There are a few French banks who offer non-resident accounts if you have some connection with France, but the rates are also about 1%.  (You can have a Livret A from several banks - a French tax-free account up to EUR15,000 - which pays 1.25% fixed by the government).

In Greece, FBBank are doing 3.45% tiered: 
www fbbank gr /330/article/greek/330/135/index.htm
(run that through Google translate), but we all know how Greece is at the moment.  I'm not sure of the residency position of this one (but non-resident Greeks can be found all over the place, so I guess they might be lenient).

There's also the offshore crowd - Best Buy table and search:
moneyfacts co uk /compare/offshore/euro/
But the ability of their banking systems to cope with a default was seriously called into question in October 2008 - search for KSF IOM to hear the sorry tale.  Many offshore banks are UK-based so might be seen to be more secure... but so was the Derbyshire Building Society that KSF bought.
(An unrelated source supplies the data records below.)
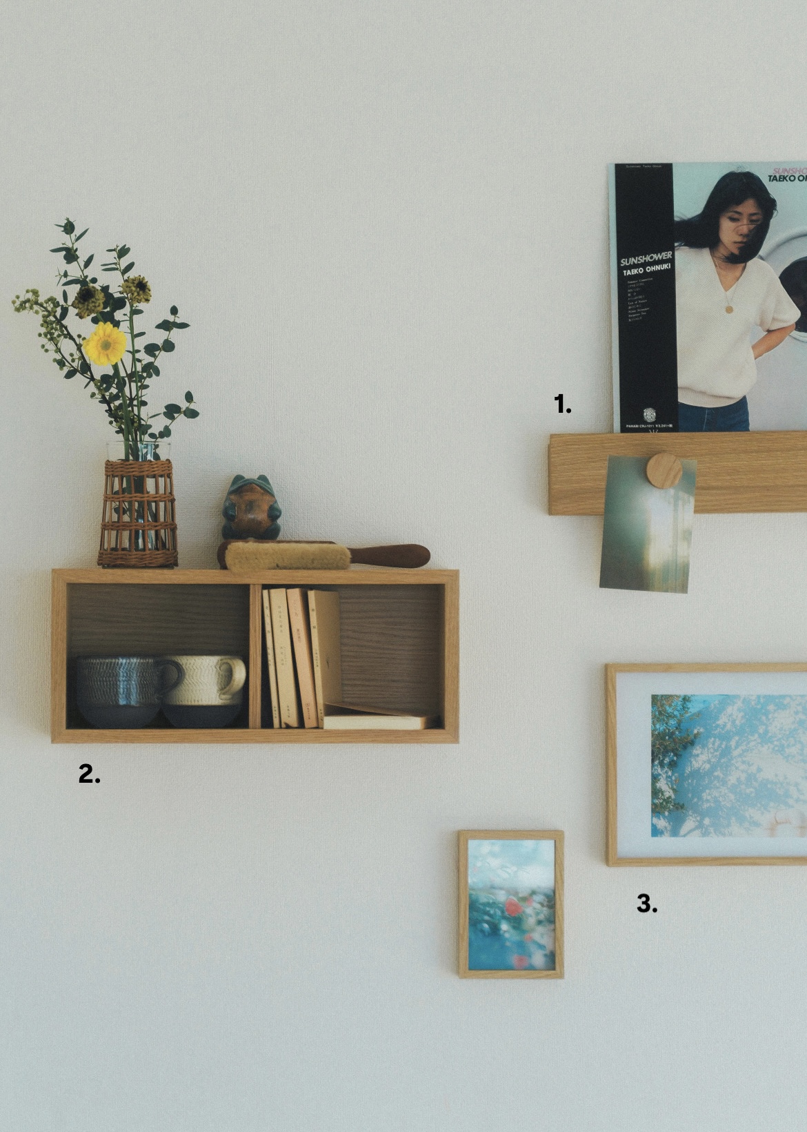 壁に付けられる家具と合わせて飾るのにおすすめなのが、木製フレーム。オーク材なので統一感が生まれる。「飾るものに合わせて、縦にしたり横にしたり見映えを考えるのも楽しいですよ」(野口さん)
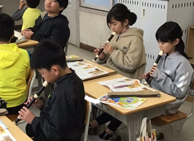 4年2組さん、音楽の授業を教室で行っていました。「ごんぎつね」をリコーダーで練...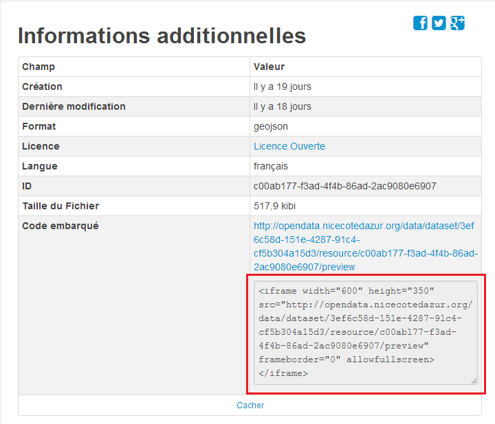 Ce code est disponible sur la page de la ressource du jeu de données, dans les informations additionnelles et en cliquant sur « montrer plus ». Il suffit juste de copier ce code html, et de l’ajouter dans votre page Internet.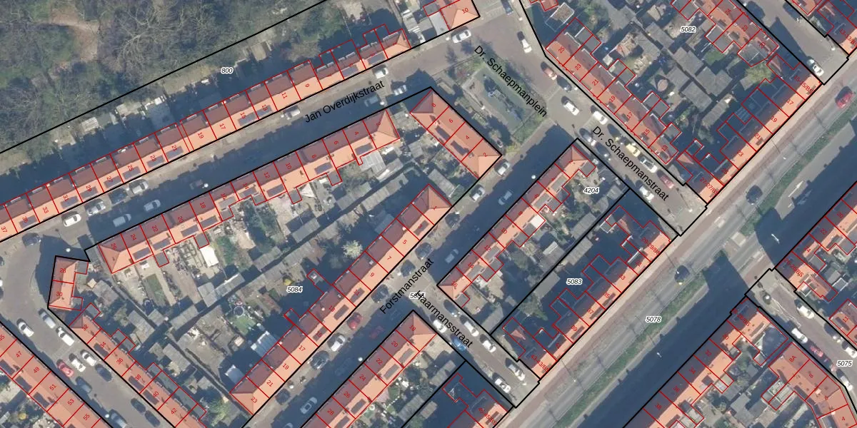 Het perceel waarop Forstmanstraat 1 staat heeft een oppervlakte van 4102 m². Dit is een zeer groot perceel. De perceeloppervlakte wordt geregistreerd door het Kadaster. Gedetailleerde informatie over de maten van dit perceel kunt u vinden in het rapport Kadastrale kaart met maatvoering van Forstmanstraat 1.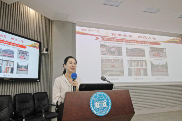 会议在深情悠扬的歌声中缓缓拉开序幕,全体参会人员饱含对新中国成立70周年的美好祝愿,齐唱《歌唱祖国》。歌声落幕,学工办党建专干彭薪羽老师就学院党建工作及规程进行了简要介绍。彭老师围绕党建“123工程”:一条线,两个阵地,三支队伍,展开了详细的讲解:以思想引领、行动引领、人才引领为主线,线下主题教育和线上学习宣传为阵地,党建工作先锋组、习小组、优秀党员宣讲团为队伍,开展学院党建工作。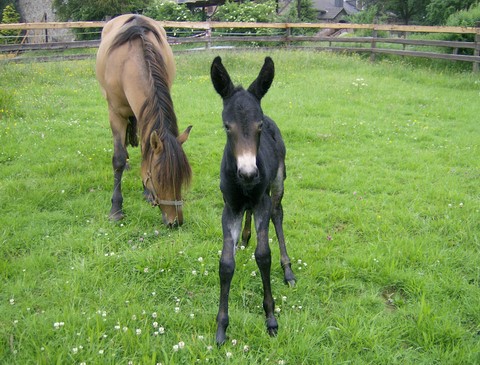 Afin de voir ce que mon papa donnerait comme caractère, Joe a choisi de me laisser entier au milieu du troupeau et de m'observer. Son but étant de faire plus tard une mule avec mon papa et Kamel. Cette mule est née et s'appelle Kamina. C'est donc ma demi-soeur.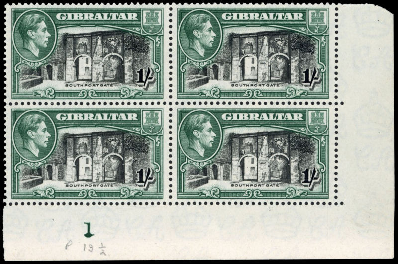 1938-42 1/- perf 13½ lower right corner block of four with Frame Plate 1, unmounted o.g., fine. SG 127a, £300 (Image)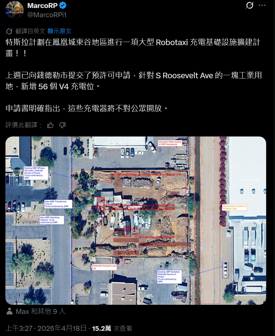 充电站建设计划。特斯拉共提交了两座超充站的建设申请,一座位于马里科帕县钱德勒市南罗斯福大道,另一座位于凤凰城梅萨市5349东主道。这两座充电站均配备V4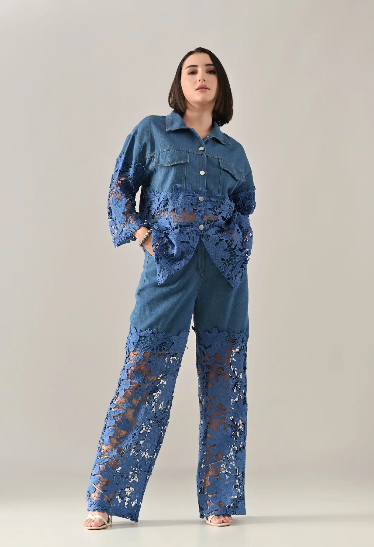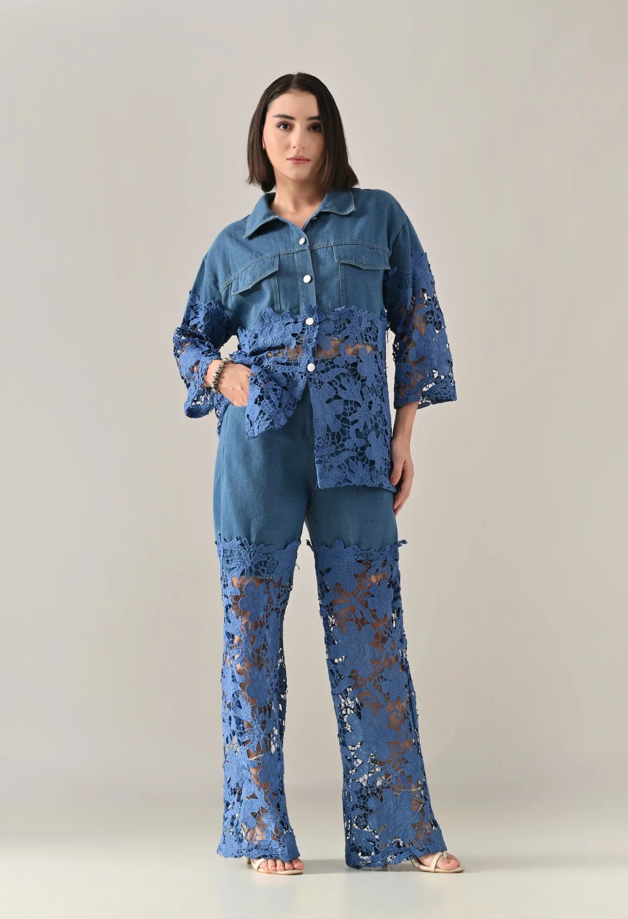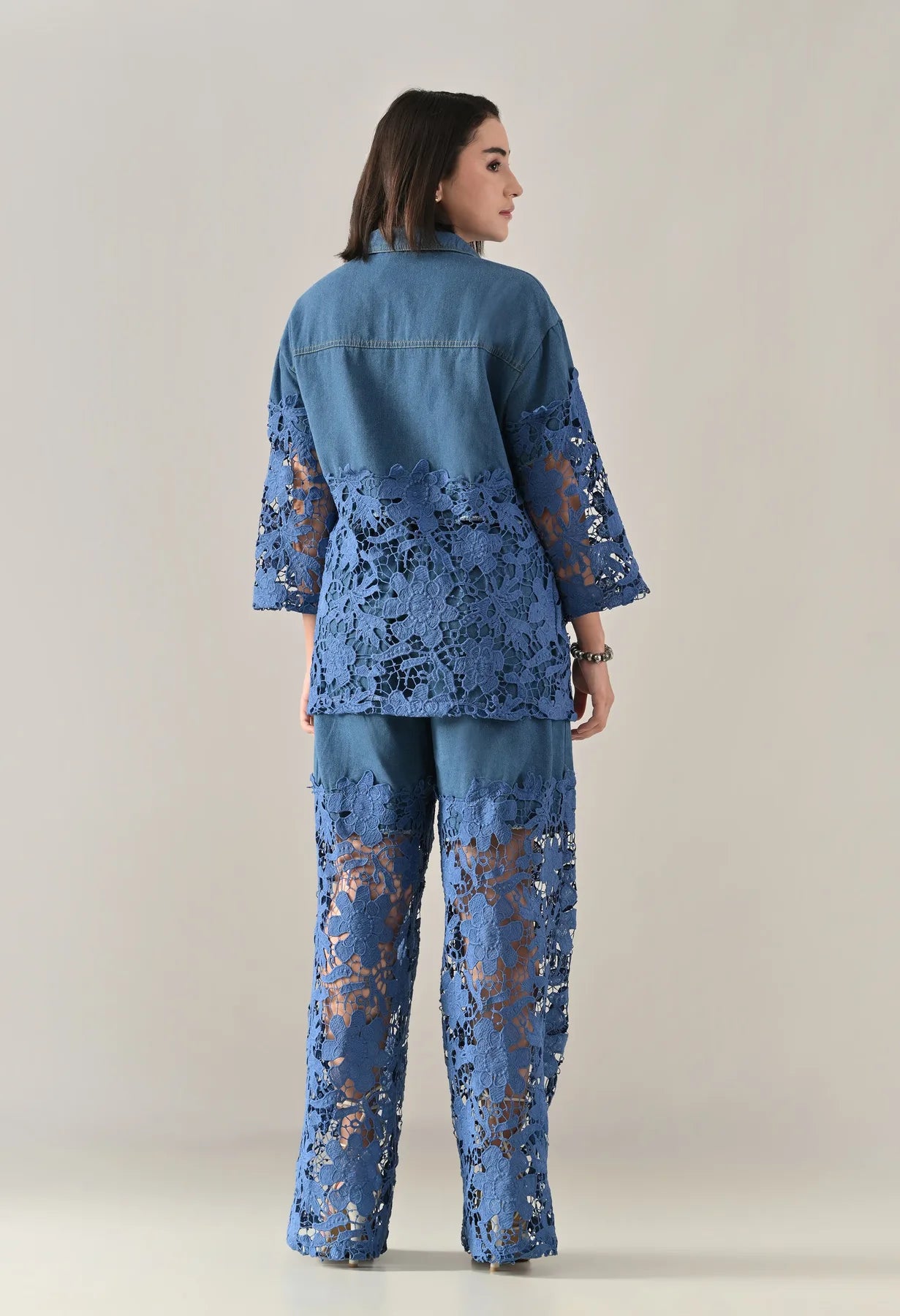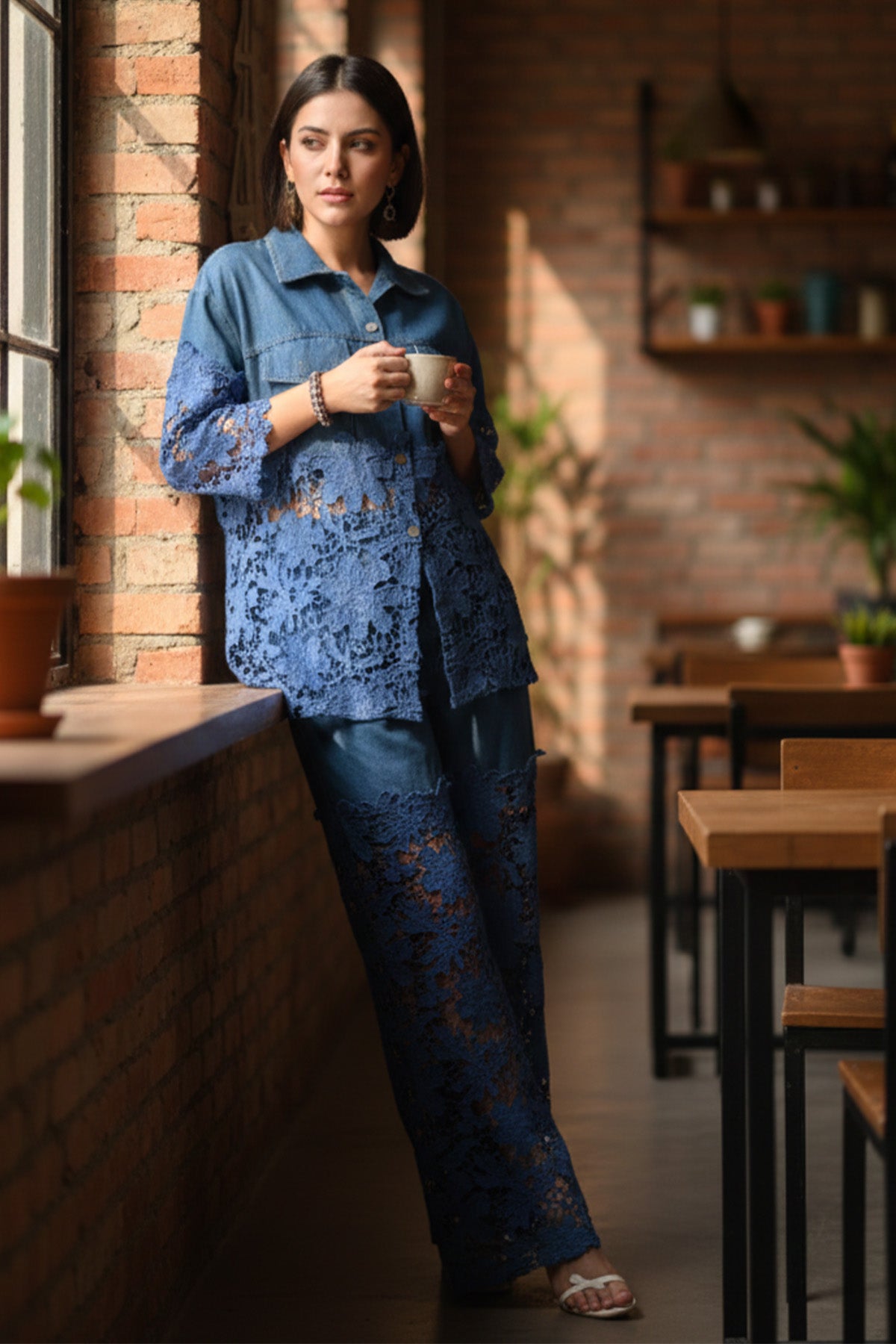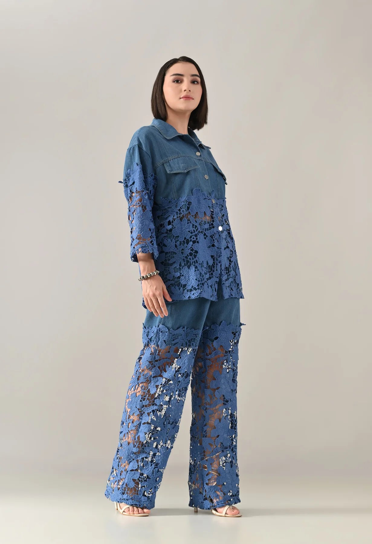 A trendy enzyme-washed denim cord set featuring a regular collar band shirt with an open front placket, showy pockets with flaps, and silver shank buttons for a stylish finish. The design is elevated with lace detailing at the bottom for a feminine touch. Paired with matching denim bottoms featuring a waistband with open fly and zipper, half elasticated waist, and belt loops for ease and comfort. Finished with contrast stitching details, this set is crafted from soft, comfortable, non-stretchable fabric, blending casual denim appeal with chic lace accents.

I'm very interested if anyone manages to find any others...


----------



## Lightning (24 Feb 2010)

Great post Plover, you have done your research. 

I would not touch a Greek bank at the moment, there are too many unknowns.


----------



## Plover (25 Feb 2010)

Indeed.  I also spotted a Romanian bank paying 4% on Euro ('fraid I can't remember which).  In theory all the usual EU safeguards would apply, but I think I'll sharpen my bargepole.

There's a few banks in Spain designed for non-residents - eg Halifax dot es has a 12 month deposit at 2.25%, min EUR3000.  I think Santander might do something too.  There are also some in Gibraltar, but I haven't figured out the stability issues (they're kind-of in the EU).  None of the Gib rates were stunning.

There's also Switzerland, but I didn't spot any banks offering particularly good rates there either.  I also don't know how much of a hassle it is to open an account (some middlemen will take $1000 off you to open one, but I have no idea if they're just fleecing the stupid).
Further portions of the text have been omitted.